11 replies to this topic

[speachy_15]

And here i am, once again... asking for help... i had a program like this...but it sometimes produce the desired resullt...sometimes not... and i didn't use brackets because i saw a friend not use it... can anyone help????

 public static void main (String args[]) {


    	String [] array=new String [10];

    	int nItems=array.length;

    	int i,j;


    	for (i=0; i<array.length; i++){

    		String e=JOptionPane.showInputDialog ("Enter a string value:");

    		array[i]=e;

    	}



	String search=JOptionPane.showInputDialog ("Enter string search:");


    for (j=0; j<nItems; j++)

    		if (search.compareTo(array[j])>0)

    			break;

    		if (j==nItems)

    			JOptionPane.showMessageDialog (null, search+" not found!", "Case Study", JOptionPane.ERROR_MESSAGE);

    		else

    			JOptionPane.showMessageDialog (null, "Found "+search, "Case Study",JOptionPane.INFORMATION_MESSAGE);



		for(i=1 ; i<nItems ; i++){

            for(j=0 ; j<i ; j++){

                if(array[i].compareTo(array[j])<0){

                    String temp = array[i];

                    array[i] = array[j];

                    array[j] = temp;

                }

            }

        }


		String output="Array of characters in ascending order:"+"\n"+"\n";

        for(i=0 ; i<nItems ; i++)

           output+="  "+array[i]+" ";

           	JTextArea outputArea= new JTextArea ();

   			outputArea.setText(output);


   		JOptionPane.showMessageDialog (null, outputArea, "Case Study", JOptionPane.PLAIN_MESSAGE);




		for(i=1 ; i<nItems ; i++){

            for(j=0 ; j<i ; j++){

                if(array[i].compareTo(array[j])>0){

                    String temp = array[i];

                    array[i] = array[j];

                    array[j] = temp;

                }

            }

        }


		String output2="Array of characters in descending order:"+"\n"+"\n";

        for(i=0 ; i<nItems ; i++)

           output2+="  "+array[i]+" ";

           	JTextArea outputArea2= new JTextArea ();

   			outputArea2.setText(output2);


   		JOptionPane.showMessageDialog (null, outputArea2, "Case Study", JOptionPane.PLAIN_MESSAGE);



		String del=JOptionPane.showInputDialog ("Enter string to delete:");


	JOptionPane.showMessageDialog (null,"\n"+"Delete element "+del,"Case Study", JOptionPane.INFORMATION_MESSAGE);


    	for (j=0; j<nItems; j++)

    			if (del.compareTo(array[j])>0)

    				break;

    			for (int k=j; k<nItems-1; k++)

    				array[j]=array[k+1];

    				nItems--;

    				

		String output3="Array after deletion of element "+del;


   		for (j = 0; j <nItems; j ++)

   				output3 +="\n"+array[j]+ "  ";


   				JTextArea outputArea3= new JTextArea ();

   				outputArea3.setText(output3);

   			    JOptionPane.showMessageDialog (null, outputArea3, "Case Study", JOptionPane.PLAIN_MESSAGE);

   			    System.exit(0);

    	}

    }

as you can see... its supposed to make you enter 10 strings... then you search for an item... then it sorts the elements... then you delete an item....
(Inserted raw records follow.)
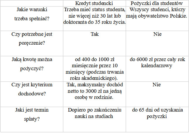 Inną formą utrzymania się podczas nauki na uczelniach wyższych są kredyty oraz pożyczki studenckie - są one udzielane często na bardzo korzystnych warunkach z możliwością spłaty dopiero po zakończeniu nauki. Wszyscy wiemy, że studenckie lata są czasami bardzo skromne, dlatego też pożyczka dla studenta to czasami jedyna możliwość na otrzymanie dodatkowego zastrzyku gotówki. Oprócz pożyczek studenckich z uczelni na rynku jest coraz bogatsza oferta pożyczek pozabankowych dedykowanych właśnie dla uczniów uczelni wyższej. Firmy takie podchodzą mniej rygorystycznie do badania zdolności kredytowej i chętniej udzielają pomocy finansowej niż banki i uczelnie. Przekonajcie się sami: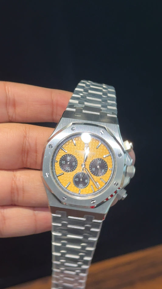 AP | Black Chrono | Silver Chain | Yellow Box Dial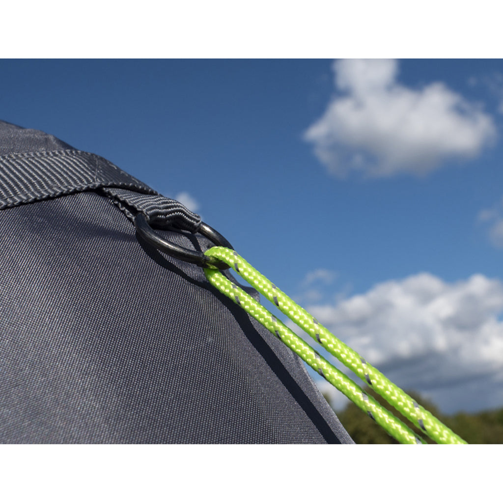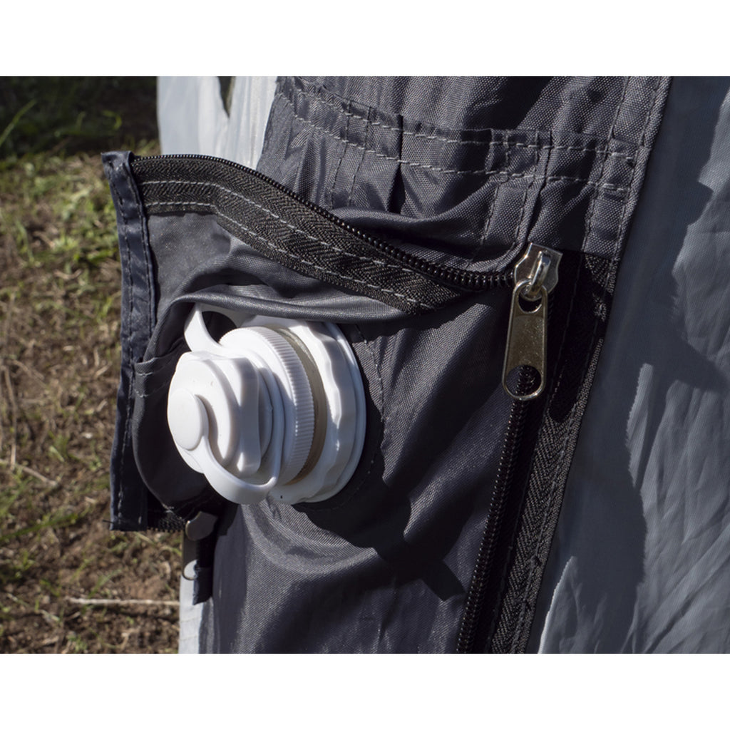 Eine aufrollbare Tür in einer Seitenwand mit Reißverschluss ermöglicht einen bequemen Zugang, während du im Dach praktische Haken für eine Lampe vorfindest. Das Lampenkabel lässt sich geschickt in der Luftschlauchhülle verlegen, um für eine angenehme Beleuchtung zu sorgen.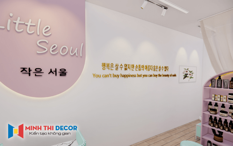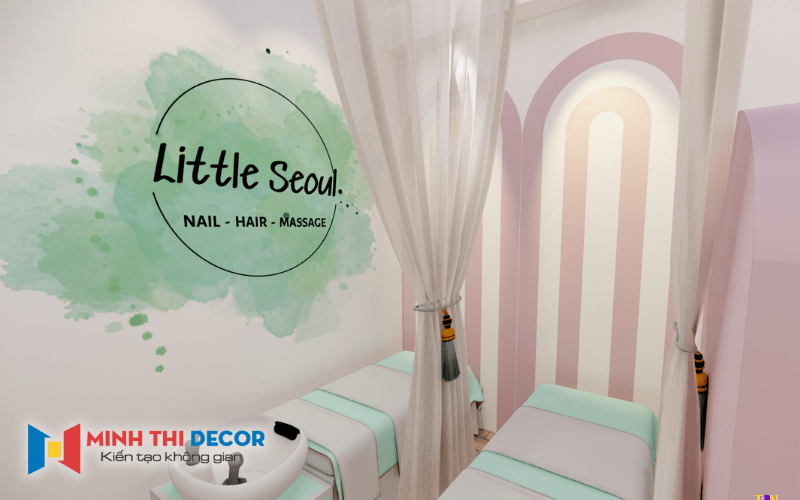 Không gian của mô hình này khá khiêm tốn, chỉ vỏn vẹn không tới 30m², tiệm nail Little Seoul được thiết kế và bày trí theo phương thức khá cơ bản với hình mẫu của một tiệm nail truyền thống. Nhưng cũng không thể bỏ qua những điểm nổi bật được thể hiện qua các chi tiết trang trí hết sức dễ thương.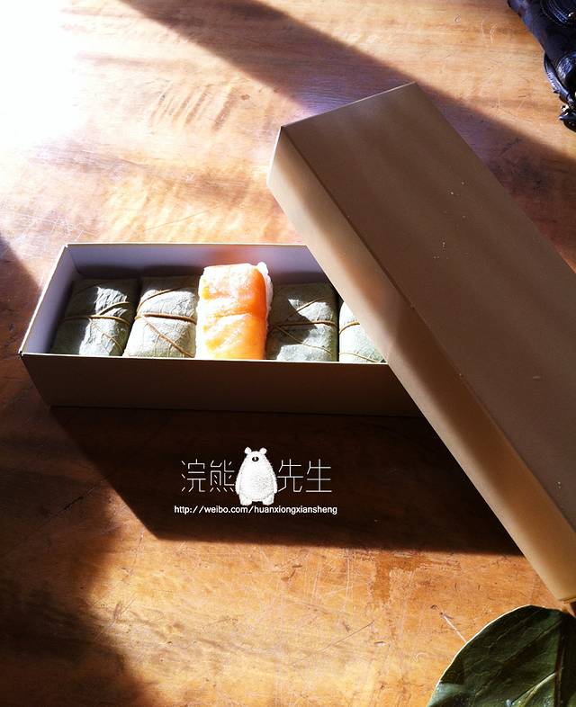 柿叶寿司,上面包着一层薄薄的鱼肉?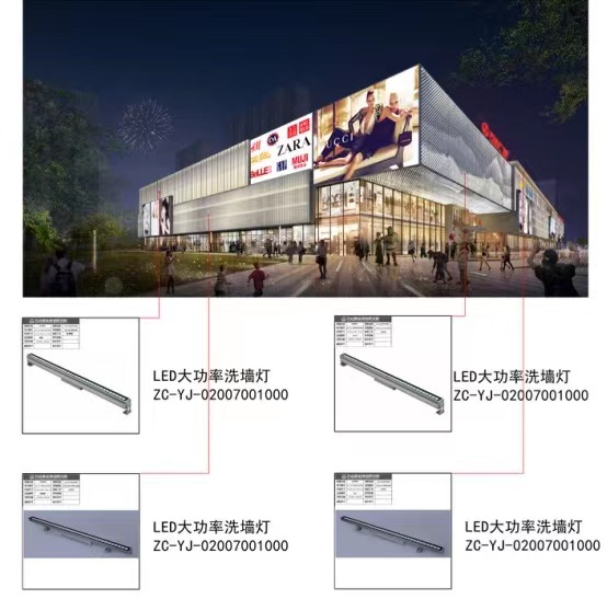 本項目最大的設(shè)計亮點在于,把商業(yè)主體和城市人文融為一體。巧妙運用燈光,打造屬于“泉城”的別具一格的時尚購物中心。在商場的外圍折型穿孔板處,使用的是萬達(dá)標(biāo)準(zhǔn)燈具庫內(nèi),LED大功率洗墻燈,通過內(nèi)置微晶片的控制,能實現(xiàn)漸變、隨機閃爍、跳變、色彩閃爍、漸變交替等動態(tài)效果。在滿足照明需求的情況下,打造更加適宜購物的氛圍。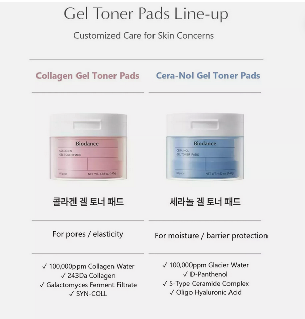 Има ги и във вариант с колаген, Biodance - Collagen Gel Toner Pads - обещават подобряване вида на порите и еластичност - съдържат ХК, Galactomyces Ferment Filtrate и пептиди.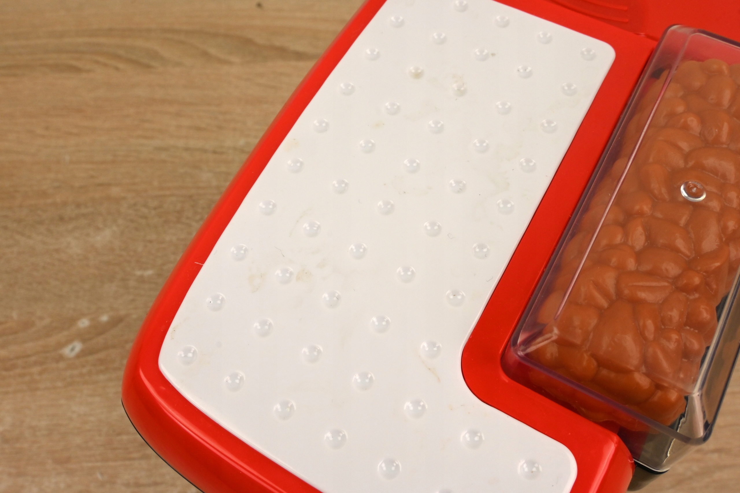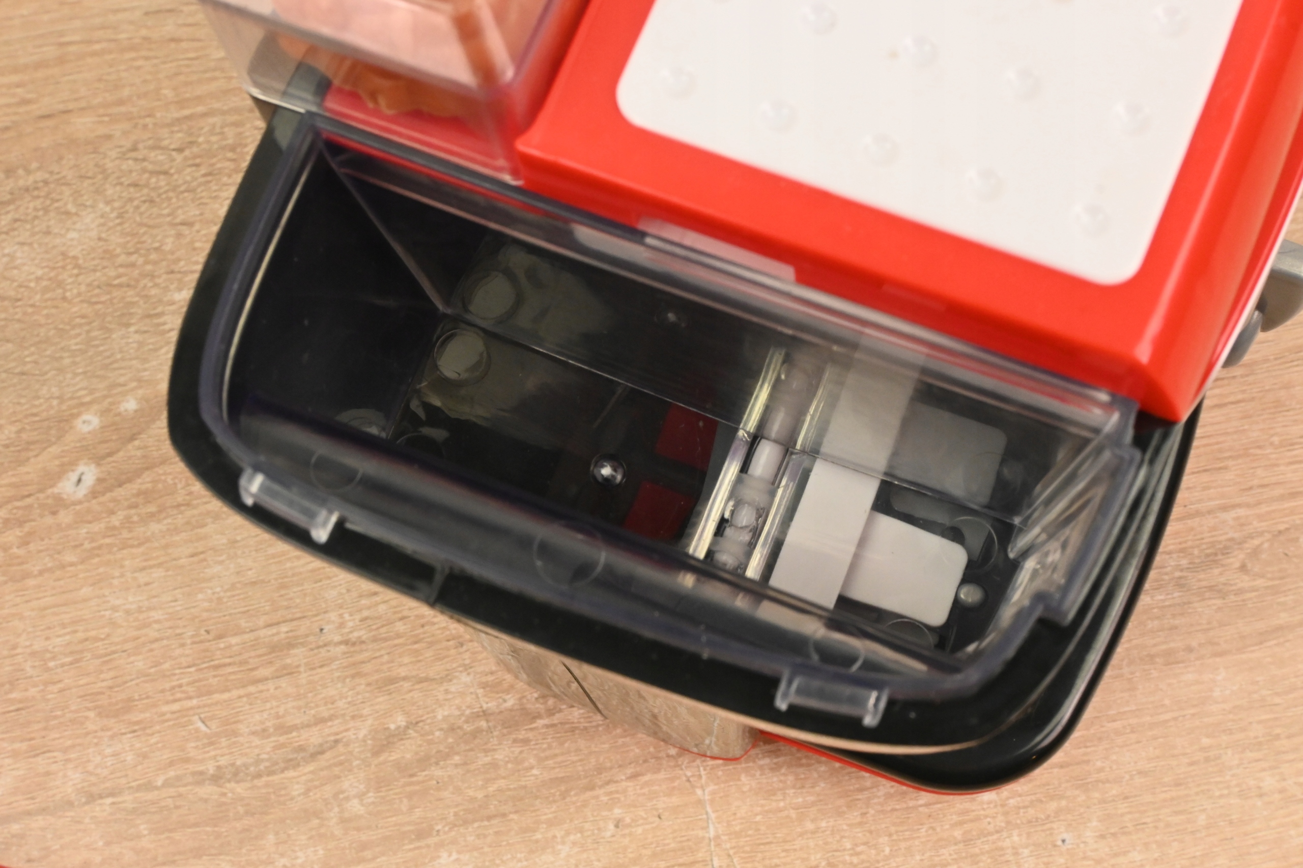 Набор состоит из черной кофемашины с красной чашкой, подвижного капучинатора, контейнера для кофе и резервуара для воды с индикатором порции.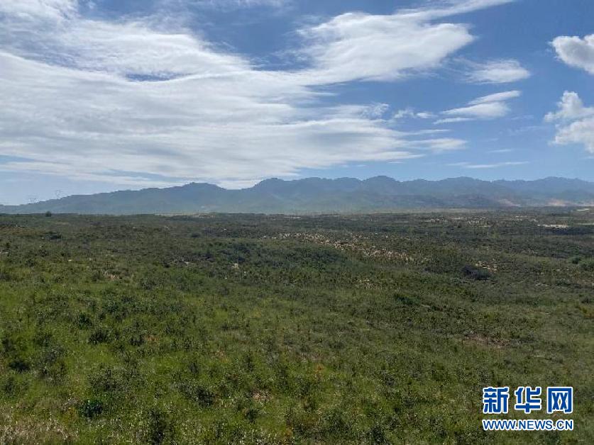 這是青海省海北藏族自治州海晏縣國家級防沙治沙綜合示范區(qū)的克圖沙區(qū),原來的大片流沙區(qū)如今已是綠意盎然(7月7日手機拍攝)。新華社記者 溫競?cè)A 攝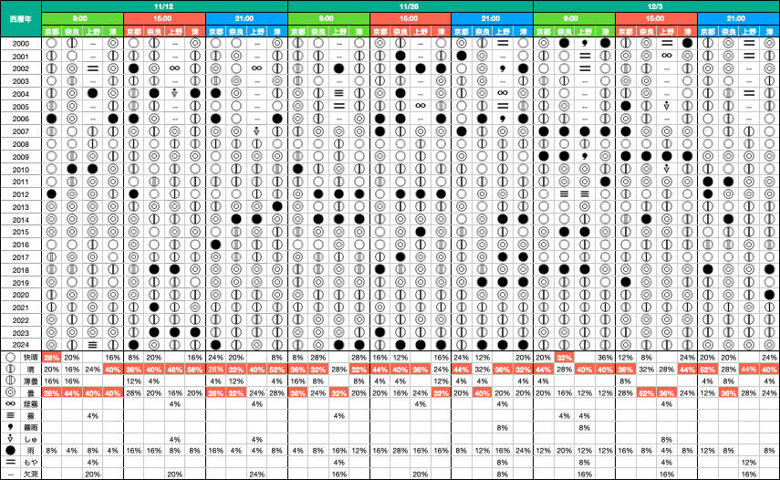 右) 気象庁の過去の気象データ検索から、運行日の京都、奈良、上野、津の過去25年間の天気一覧を作成。赤地に白文字が回数が多かった天気の占有率。季節的に(快)晴か曇の傾向が見られた。本日の2週間天気で初日は、以上各地とも、晴時々雨の予報のようだ。

thank you very, very much!!!!

[lethalwire]

You might be missing a few { braces } for some of your "for" loops. For instance:

    for (j=0; j<nItems; j++) [COLOR="Red"]{[/COLOR]

            if (search.compareTo(array[j])>0)

                break;

            if (j==nItems)

                JOptionPane.showMessageDialog (null, search+" not found!", "Case Study", JOptionPane.ERROR_MESSAGE);

            else

                JOptionPane.showMessageDialog (null, "Found "+search, "Case Study",JOptionPane.INFORMATION_MESSAGE); 

[COLOR="Red"]}[/COLOR]

This previous portion of code also seems suspicious to me.
Here is why:

if ( search.compareTo( array[j]) > 0 )

So you test if the return value of compareTo is greater than zero. Good
But do you test to see if the return value of compareTo is less than zero?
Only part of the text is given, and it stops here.